- Exercise prompt -
Skip the pictures and write out, word for word, the lines below from the one with "Créoles, grand modèle, en" through the one with "Atasan Couple Family", inclusive.

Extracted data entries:
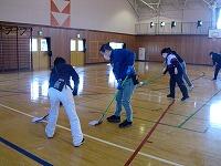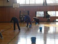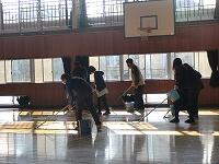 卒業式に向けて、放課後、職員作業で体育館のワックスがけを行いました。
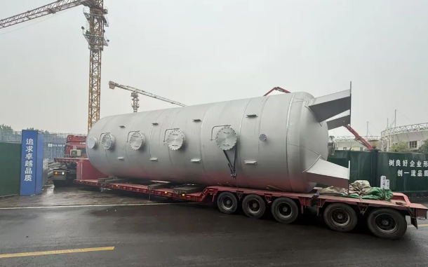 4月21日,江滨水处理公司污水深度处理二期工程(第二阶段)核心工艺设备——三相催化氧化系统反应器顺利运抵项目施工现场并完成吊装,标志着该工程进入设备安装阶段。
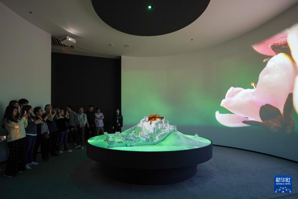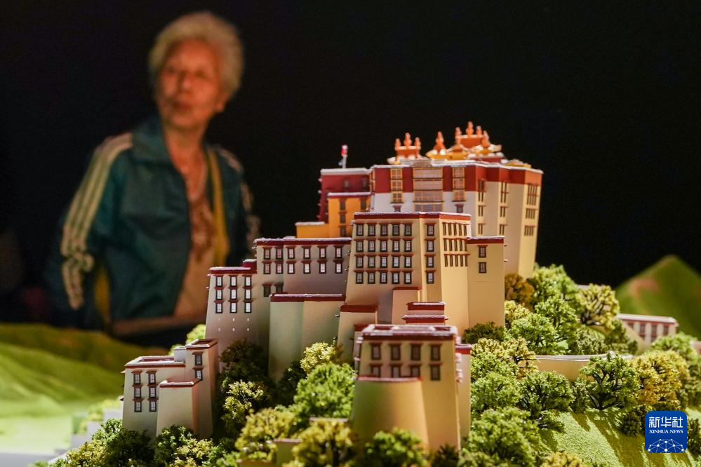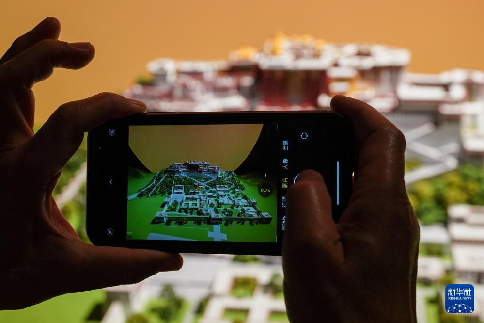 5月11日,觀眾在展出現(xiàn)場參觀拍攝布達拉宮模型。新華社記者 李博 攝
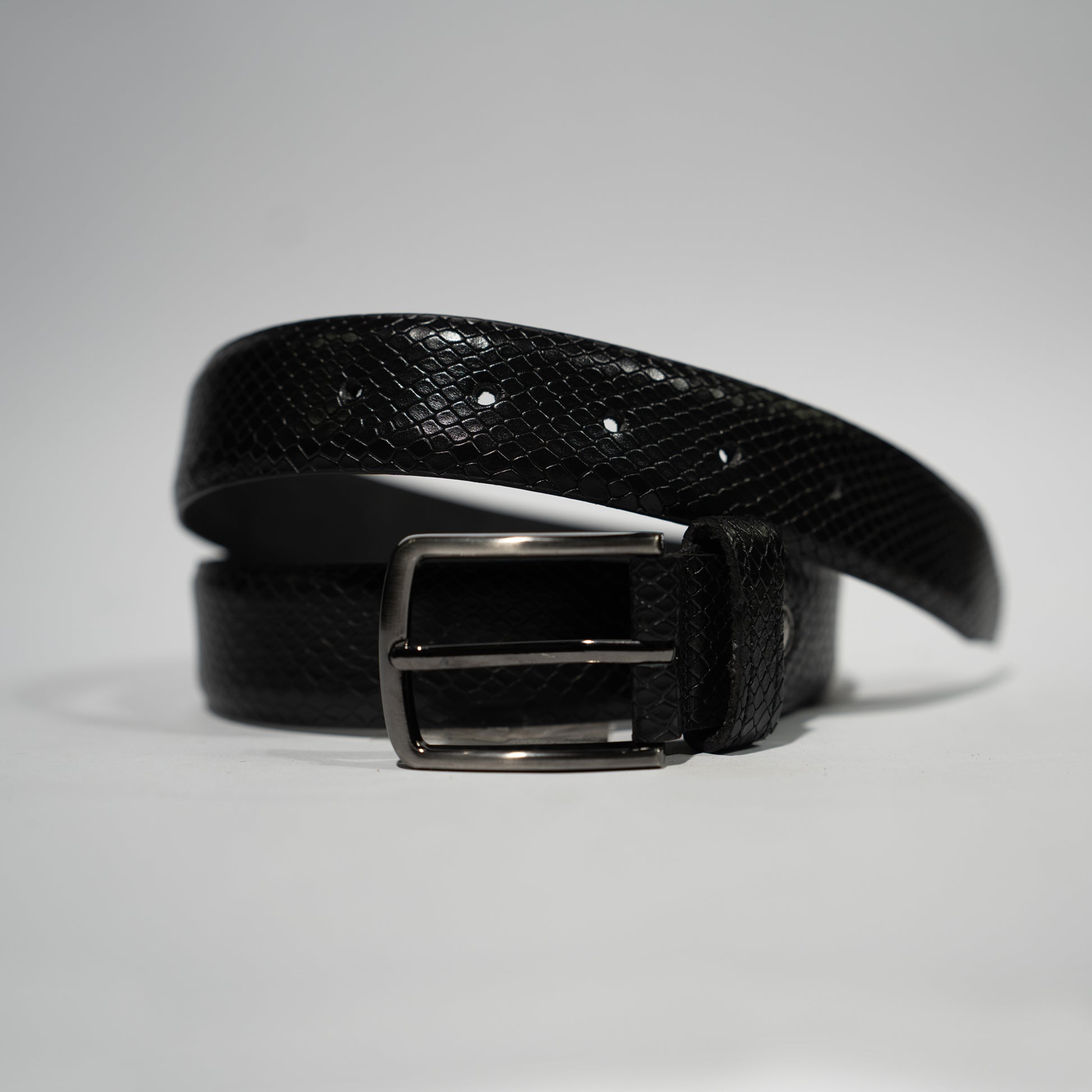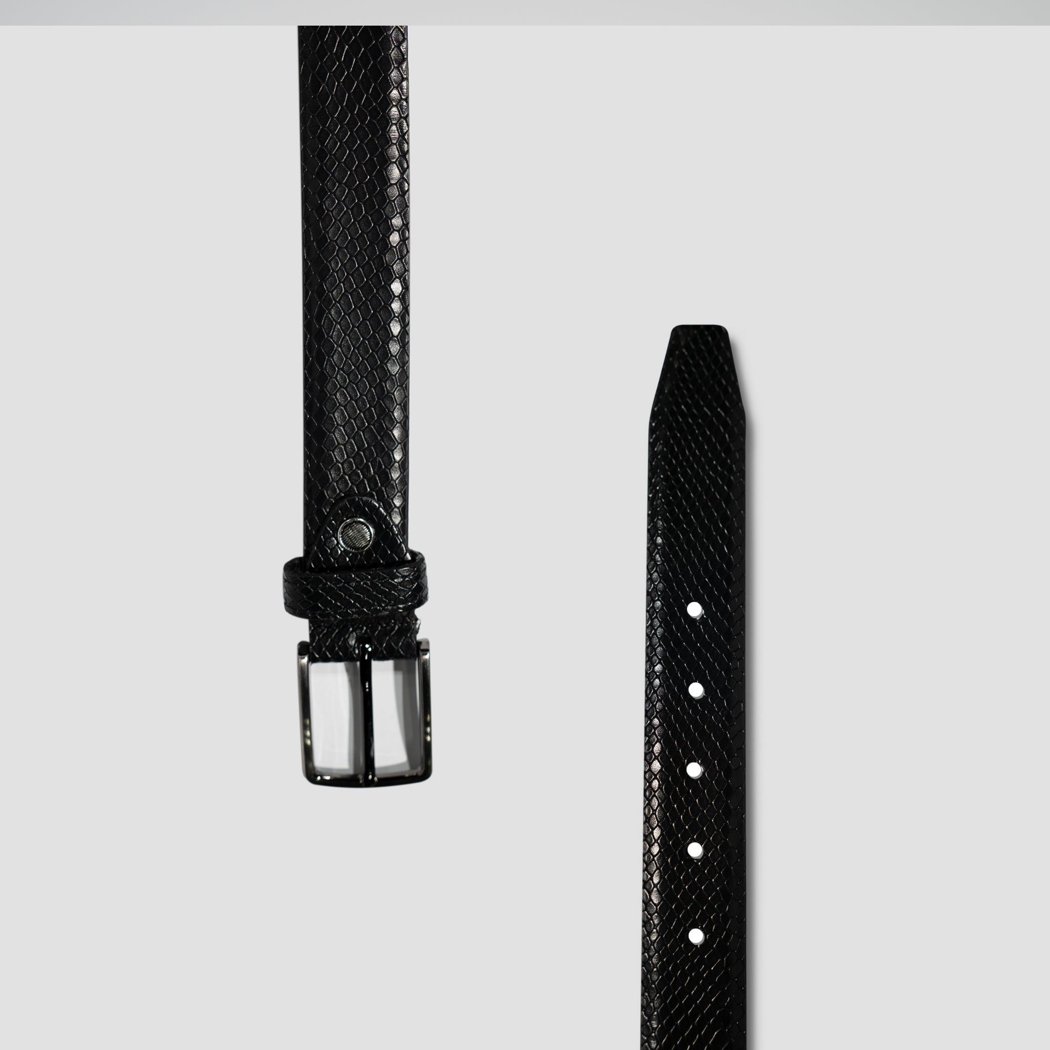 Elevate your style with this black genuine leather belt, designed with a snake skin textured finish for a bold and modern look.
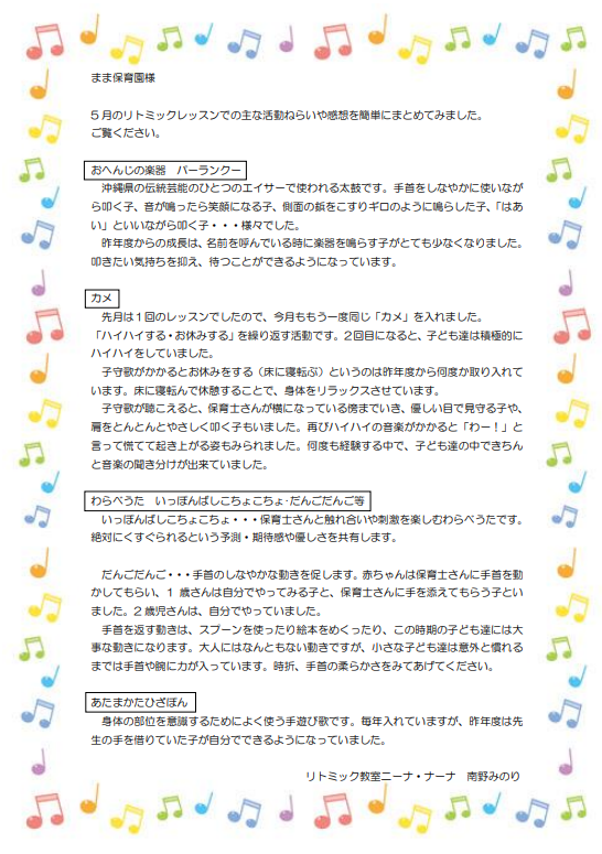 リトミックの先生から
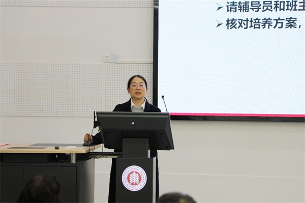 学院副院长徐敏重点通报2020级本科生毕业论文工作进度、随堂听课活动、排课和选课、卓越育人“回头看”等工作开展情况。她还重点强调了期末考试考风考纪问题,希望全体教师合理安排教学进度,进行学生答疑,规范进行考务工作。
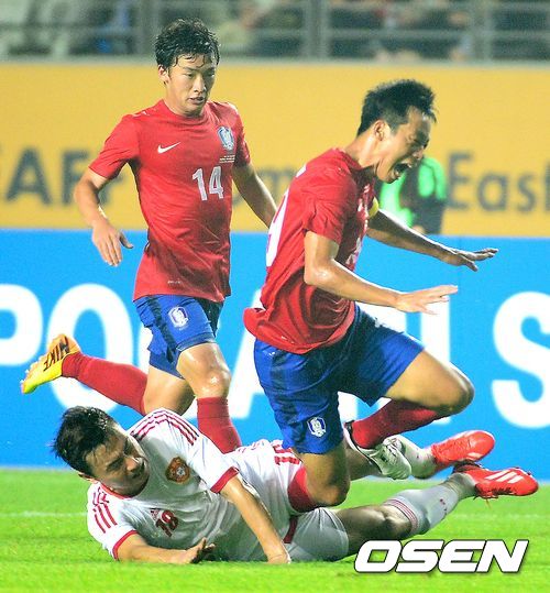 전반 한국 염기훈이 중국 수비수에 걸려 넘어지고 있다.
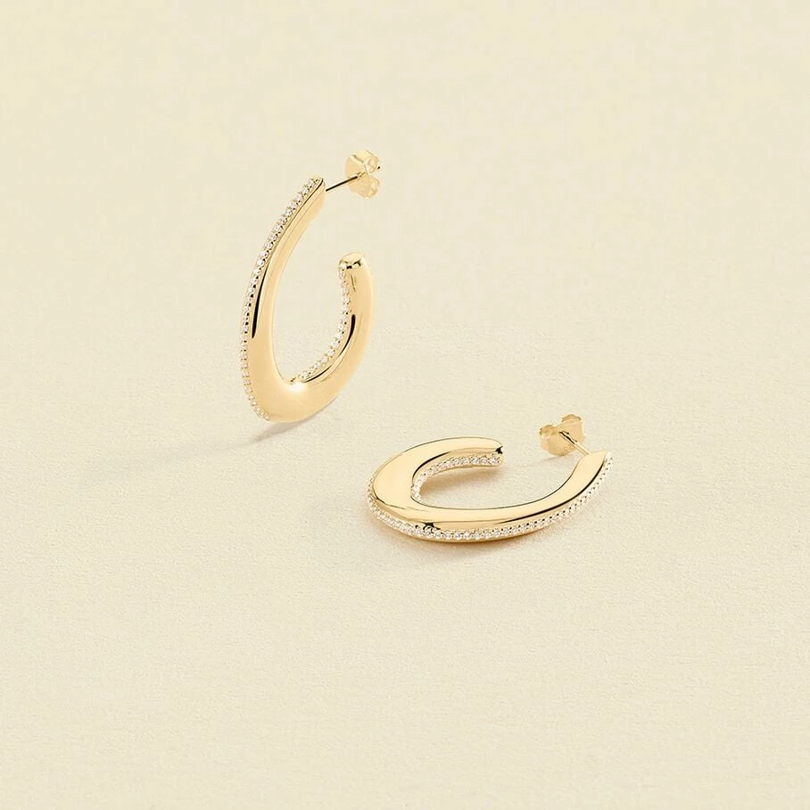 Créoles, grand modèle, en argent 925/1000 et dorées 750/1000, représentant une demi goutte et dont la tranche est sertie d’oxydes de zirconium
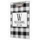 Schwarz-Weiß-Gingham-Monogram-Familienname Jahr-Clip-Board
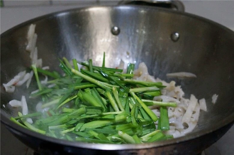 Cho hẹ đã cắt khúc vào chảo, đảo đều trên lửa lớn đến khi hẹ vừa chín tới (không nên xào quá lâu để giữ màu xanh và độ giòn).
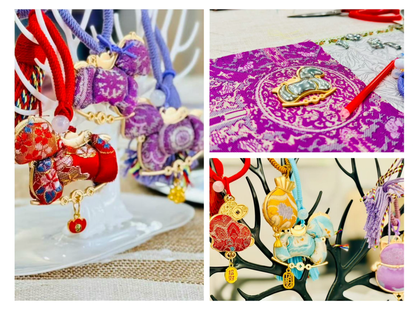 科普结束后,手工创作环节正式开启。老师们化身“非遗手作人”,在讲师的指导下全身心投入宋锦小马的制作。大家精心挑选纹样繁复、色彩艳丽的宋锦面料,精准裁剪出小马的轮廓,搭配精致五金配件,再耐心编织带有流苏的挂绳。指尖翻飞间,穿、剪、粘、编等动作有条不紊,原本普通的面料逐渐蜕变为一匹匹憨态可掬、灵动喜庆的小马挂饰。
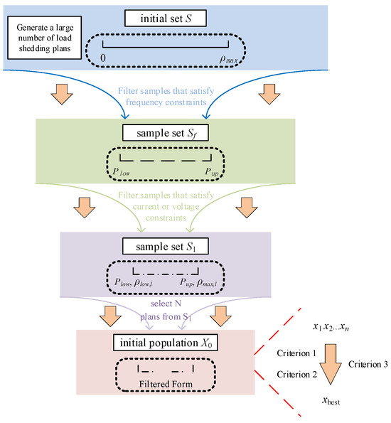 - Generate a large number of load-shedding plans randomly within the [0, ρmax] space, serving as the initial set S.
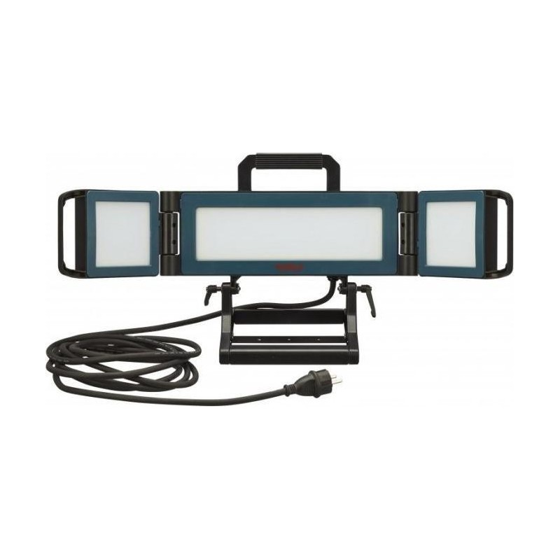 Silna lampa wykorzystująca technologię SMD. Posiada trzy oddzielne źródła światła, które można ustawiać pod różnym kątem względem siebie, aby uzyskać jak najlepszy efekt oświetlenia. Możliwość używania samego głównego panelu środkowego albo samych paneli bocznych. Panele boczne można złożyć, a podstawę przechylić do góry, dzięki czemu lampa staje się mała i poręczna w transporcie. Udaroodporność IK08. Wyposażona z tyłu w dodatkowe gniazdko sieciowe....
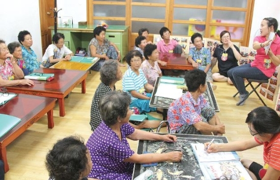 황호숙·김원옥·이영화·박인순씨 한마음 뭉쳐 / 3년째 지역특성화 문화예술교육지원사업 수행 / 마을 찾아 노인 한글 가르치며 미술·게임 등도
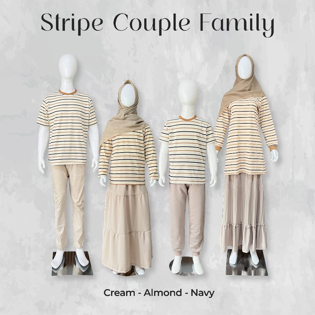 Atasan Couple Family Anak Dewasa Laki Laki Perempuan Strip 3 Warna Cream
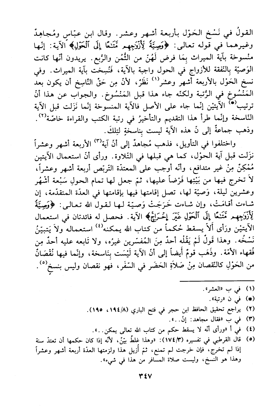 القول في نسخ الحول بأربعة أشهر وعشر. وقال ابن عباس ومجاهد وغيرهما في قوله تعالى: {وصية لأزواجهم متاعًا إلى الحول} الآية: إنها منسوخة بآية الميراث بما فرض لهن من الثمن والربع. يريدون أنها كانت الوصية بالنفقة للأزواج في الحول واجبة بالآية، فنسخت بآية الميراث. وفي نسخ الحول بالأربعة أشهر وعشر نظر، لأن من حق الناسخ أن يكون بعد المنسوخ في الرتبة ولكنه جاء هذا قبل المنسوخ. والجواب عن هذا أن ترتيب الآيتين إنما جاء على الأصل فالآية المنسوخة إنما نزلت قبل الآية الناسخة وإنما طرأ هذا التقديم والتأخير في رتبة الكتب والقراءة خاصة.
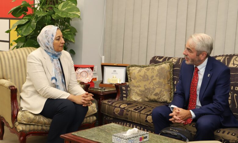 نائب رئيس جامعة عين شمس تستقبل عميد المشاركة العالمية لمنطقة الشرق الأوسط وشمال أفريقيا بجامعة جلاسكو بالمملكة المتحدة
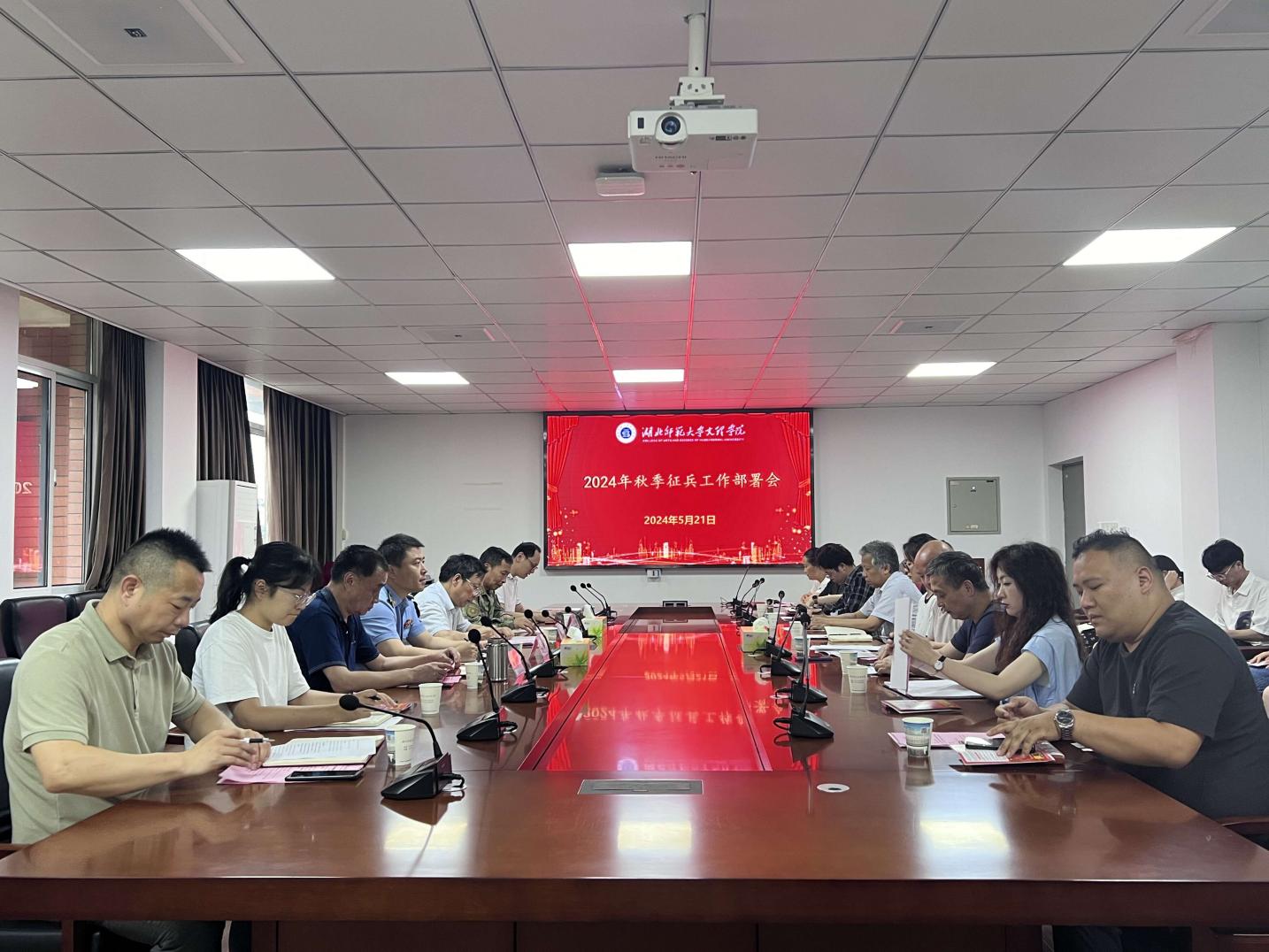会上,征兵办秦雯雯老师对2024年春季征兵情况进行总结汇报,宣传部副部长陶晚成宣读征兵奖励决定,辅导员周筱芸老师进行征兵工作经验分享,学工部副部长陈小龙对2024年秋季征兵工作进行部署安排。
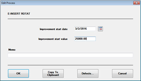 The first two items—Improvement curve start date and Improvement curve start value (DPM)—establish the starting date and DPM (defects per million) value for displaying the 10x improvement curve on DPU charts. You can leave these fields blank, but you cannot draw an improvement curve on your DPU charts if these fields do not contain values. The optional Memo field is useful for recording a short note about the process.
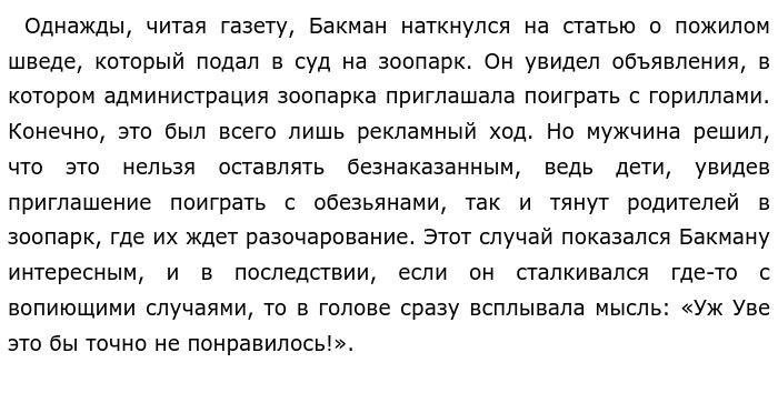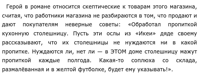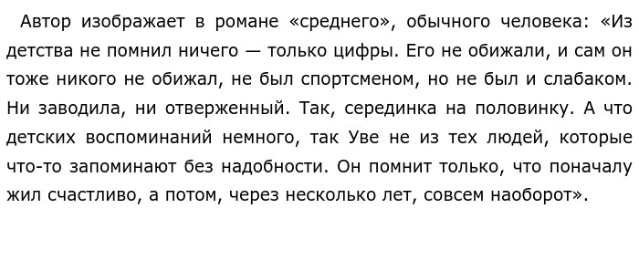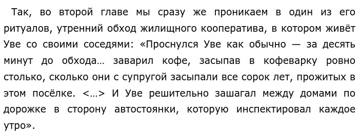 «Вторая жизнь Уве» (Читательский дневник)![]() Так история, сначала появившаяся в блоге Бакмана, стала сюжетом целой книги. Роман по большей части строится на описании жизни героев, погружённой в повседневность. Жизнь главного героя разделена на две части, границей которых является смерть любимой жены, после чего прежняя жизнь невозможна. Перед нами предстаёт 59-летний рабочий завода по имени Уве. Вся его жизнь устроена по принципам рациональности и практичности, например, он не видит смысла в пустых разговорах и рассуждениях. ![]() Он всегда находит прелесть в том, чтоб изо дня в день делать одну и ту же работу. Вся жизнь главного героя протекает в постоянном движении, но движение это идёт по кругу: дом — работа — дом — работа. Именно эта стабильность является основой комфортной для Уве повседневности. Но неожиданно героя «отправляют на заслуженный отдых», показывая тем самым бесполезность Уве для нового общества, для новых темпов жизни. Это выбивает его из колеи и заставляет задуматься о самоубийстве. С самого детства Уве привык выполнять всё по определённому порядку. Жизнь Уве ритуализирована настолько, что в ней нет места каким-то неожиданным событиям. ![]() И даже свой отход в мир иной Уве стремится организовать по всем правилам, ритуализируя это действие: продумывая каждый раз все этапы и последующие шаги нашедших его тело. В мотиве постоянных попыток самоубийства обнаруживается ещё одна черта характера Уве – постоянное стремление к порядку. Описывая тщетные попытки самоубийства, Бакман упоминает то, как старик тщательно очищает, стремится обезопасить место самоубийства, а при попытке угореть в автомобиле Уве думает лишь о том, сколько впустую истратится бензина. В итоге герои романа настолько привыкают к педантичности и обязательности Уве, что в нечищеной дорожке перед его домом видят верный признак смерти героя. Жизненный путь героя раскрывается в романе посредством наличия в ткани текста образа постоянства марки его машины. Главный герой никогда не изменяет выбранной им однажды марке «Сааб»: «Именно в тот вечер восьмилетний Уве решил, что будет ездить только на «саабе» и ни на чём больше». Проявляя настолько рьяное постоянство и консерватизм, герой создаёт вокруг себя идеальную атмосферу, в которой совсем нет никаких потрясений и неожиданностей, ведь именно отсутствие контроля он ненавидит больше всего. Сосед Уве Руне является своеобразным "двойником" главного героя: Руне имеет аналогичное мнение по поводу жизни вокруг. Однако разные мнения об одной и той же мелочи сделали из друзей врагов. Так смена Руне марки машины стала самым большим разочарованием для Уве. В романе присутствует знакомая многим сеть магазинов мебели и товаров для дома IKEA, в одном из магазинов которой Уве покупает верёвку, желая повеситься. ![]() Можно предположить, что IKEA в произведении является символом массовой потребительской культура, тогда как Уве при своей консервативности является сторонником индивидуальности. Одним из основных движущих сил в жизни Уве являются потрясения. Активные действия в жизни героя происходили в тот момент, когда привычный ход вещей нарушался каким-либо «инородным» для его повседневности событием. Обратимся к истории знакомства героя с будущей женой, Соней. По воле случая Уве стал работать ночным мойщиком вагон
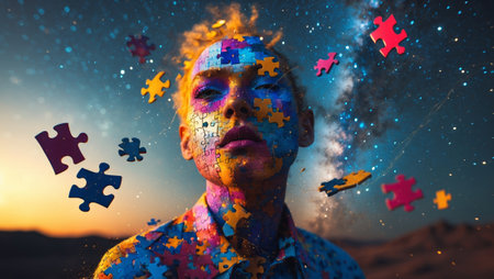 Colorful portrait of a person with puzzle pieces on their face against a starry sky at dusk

- Written answer -
 Créoles, grand modèle, en argent 925/1000 et dorées 750/1000, représentant une demi goutte et dont la tranche est sertie d’oxydes de zirconium
 Schwarz-Weiß-Gingham-Monogram-Familienname Jahr-Clip-Board
 Cho hẹ đã cắt khúc vào chảo, đảo đều trên lửa lớn đến khi hẹ vừa chín tới (không nên xào quá lâu để giữ màu xanh và độ giòn).
 科普结束后,手工创作环节正式开启。老师们化身“非遗手作人”,在讲师的指导下全身心投入宋锦小马的制作。大家精心挑选纹样繁复、色彩艳丽的宋锦面料,精准裁剪出小马的轮廓,搭配精致五金配件,再耐心编织带有流苏的挂绳。指尖翻飞间,穿、剪、粘、编等动作有条不紊,原本普通的面料逐渐蜕变为一匹匹憨态可掬、灵动喜庆的小马挂饰。
 - Generate a large number of load-shedding plans randomly within the [0, ρmax] space, serving as the initial set S.
 Silna lampa wykorzystująca technologię SMD. Posiada trzy oddzielne źródła światła, które można ustawiać pod różnym kątem względem siebie, aby uzyskać jak najlepszy efekt oświetlenia. Możliwość używania samego głównego panelu środkowego albo samych paneli bocznych. Panele boczne można złożyć, a podstawę przechylić do góry, dzięki czemu lampa staje się mała i poręczna w transporcie. Udaroodporność IK08. Wyposażona z tyłu w dodatkowe gniazdko sieciowe....
 황호숙·김원옥·이영화·박인순씨 한마음 뭉쳐 / 3년째 지역특성화 문화예술교육지원사업 수행 / 마을 찾아 노인 한글 가르치며 미술·게임 등도
 Atasan Couple Family Anak Dewasa Laki Laki Perempuan Strip 3 Warna Cream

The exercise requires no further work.